For me personally, if they work isn't complete crap, I've usually tried to do the candid thing.  If it's a creator that I'm friendly with, I'll usually drop them an email to warn them, explain what I didn't like and say that I hope they realize the value of having quality reviews that are as unbiased as possible.  It's also worth keeping in mind how reviews at multi-contributor sites work.  At WCBR, we have some titles that are "assigned" to us and some that we just sign-up for.  I've heard creators say, "Why would you review something when you have nothing nice to say?"  Well....we do it because we said we wanted to do it.  For a title like Batman, there are often several reviewers who want to review it, so you really can't sign up for it and not review it.  It would be like taking the last bit of food out of the pot when there are other hungry people around and then not eating it.

But, the sneakier thing in comic reviews is the subtle bias.  Anything that is "really good" becomes "issue of the year!!!!!", material that is really average becomes "very good" and a comic that is actually kinda subpar is "average".  That sort of bias is really insidious because you can't really see it happening.  It's like how you can't smell your own B.O. or bad breath.  Most reviewers actually like it when readers drop a nicely worded comment pointing out some possible fanboyism.  I know I appreciate it.

The other thing for fans is to know your reviewers.  Personally, I can't see any value in individual reviews taken alone.  You have to know what kinds of comics a particular reviewer enjoys and which they do not enjoy....and it takes a consistent review for that to happen.  Over time you realize that Dean really seems to like Scott Snyder a lot and that he really doesn't like Greg Land at all.  And you can consider the reviews appropriately.  This is why I see ZERO value in sites that allow user reviews except as a kind of crowdsourced average score.  I just don't know how you can get much value from a dude who posts a singular review under a screen name like "Poopmonster63".

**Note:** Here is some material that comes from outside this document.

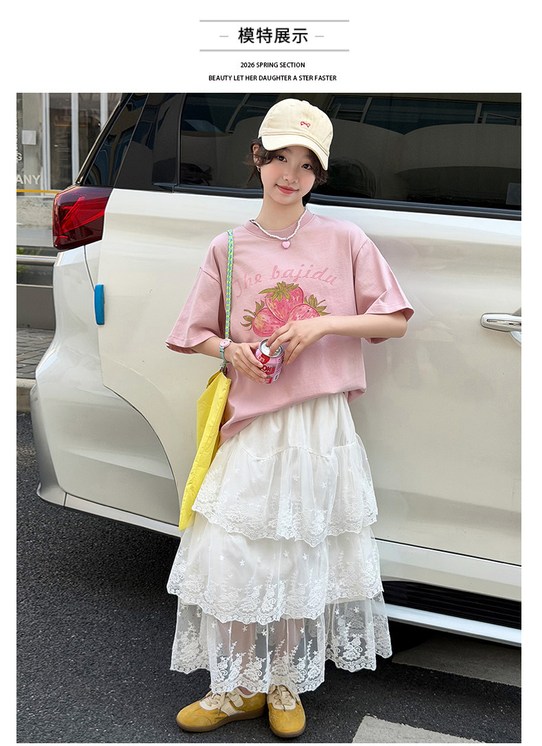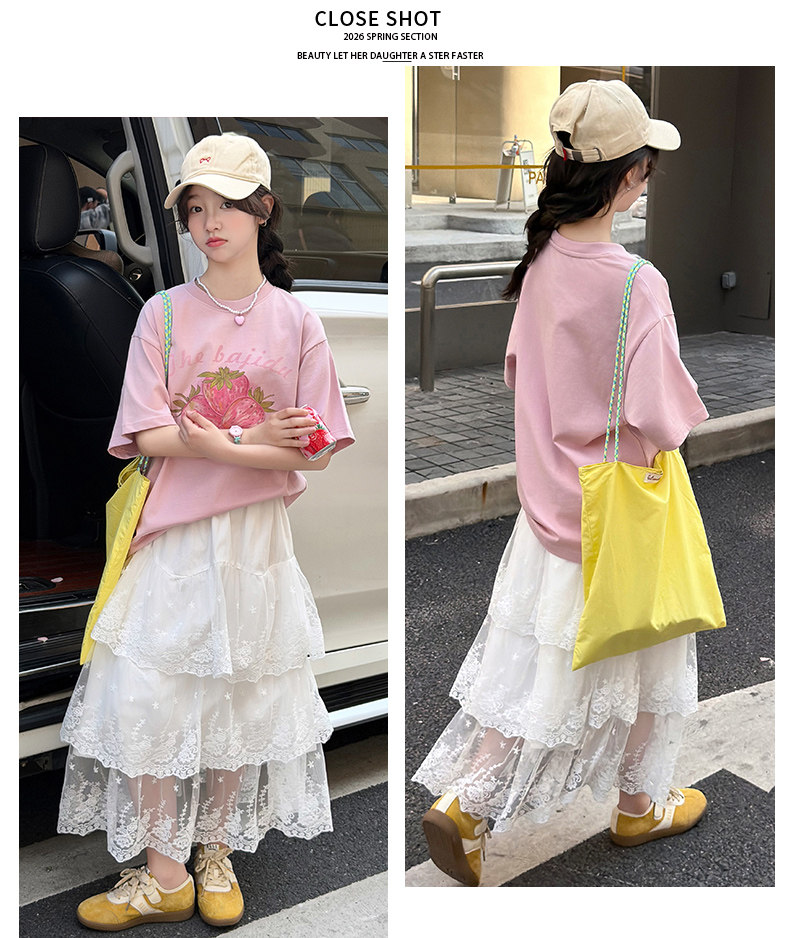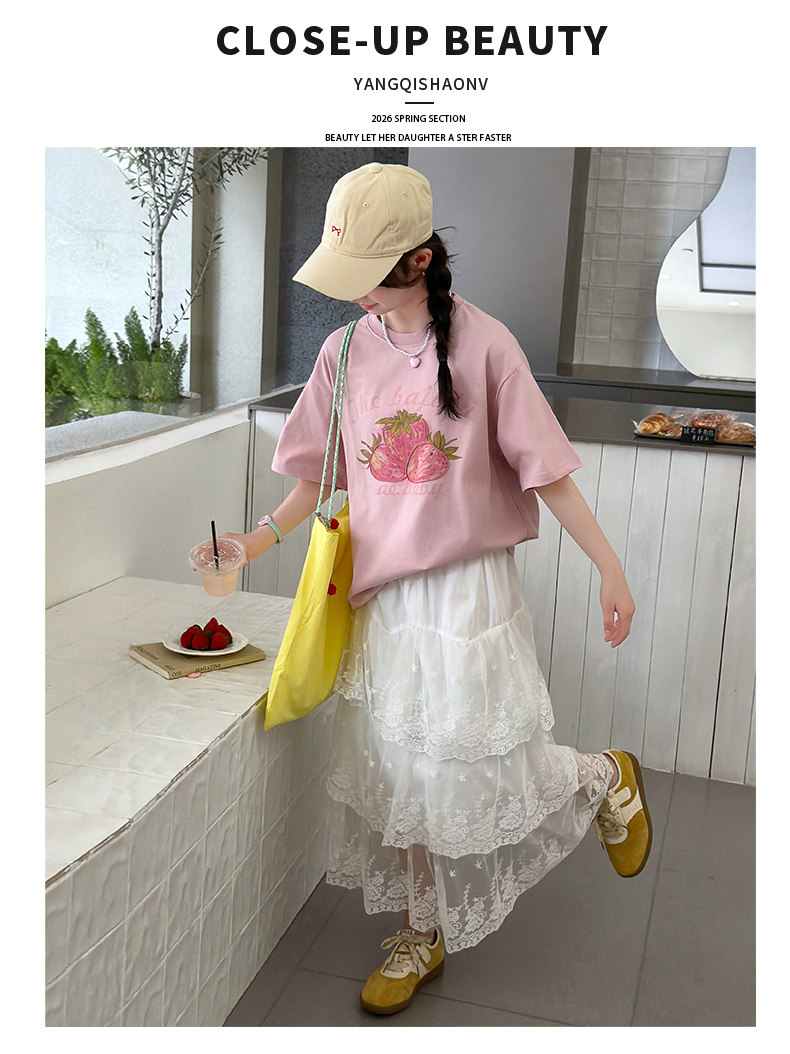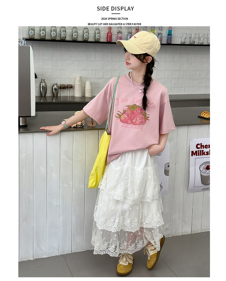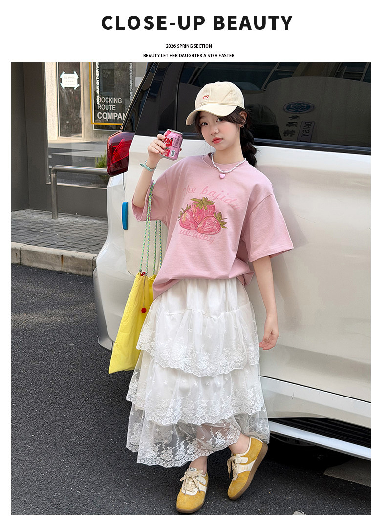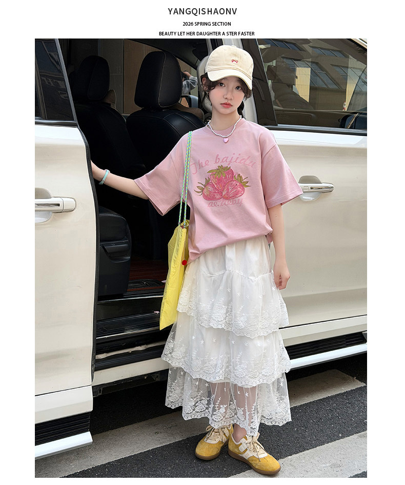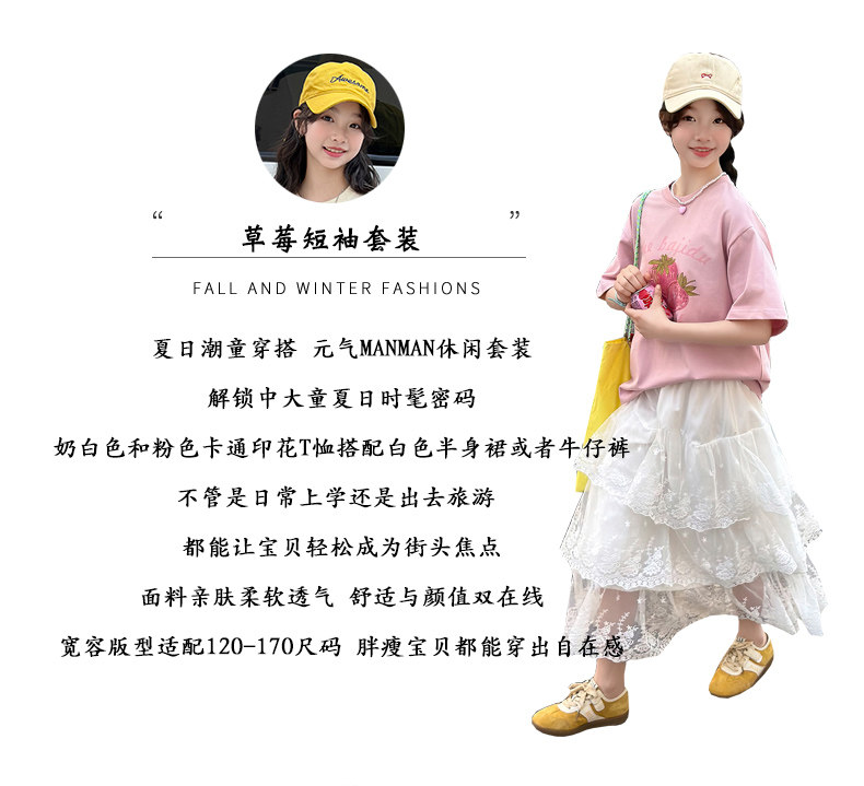 女童夏季蛋糕裙套裝2026新款洋氣女大童夏裝半身裙兒童短袖兩件套

So, to wrap up....we are biased, but we never said we weren't.

- Dean Stell

1 comment:

  1. I looked at user reviews for a while. Then I realized how rarely the motivation for those "reviews" isn't aggregate score manipulation, trolling or blind fanboyism. I'm speaking about Metacritic in particular here; perhaps the commentors on other sites are more reliable and less agenda driven. The user reviews on Metacritic though are, in general, absolutely useless.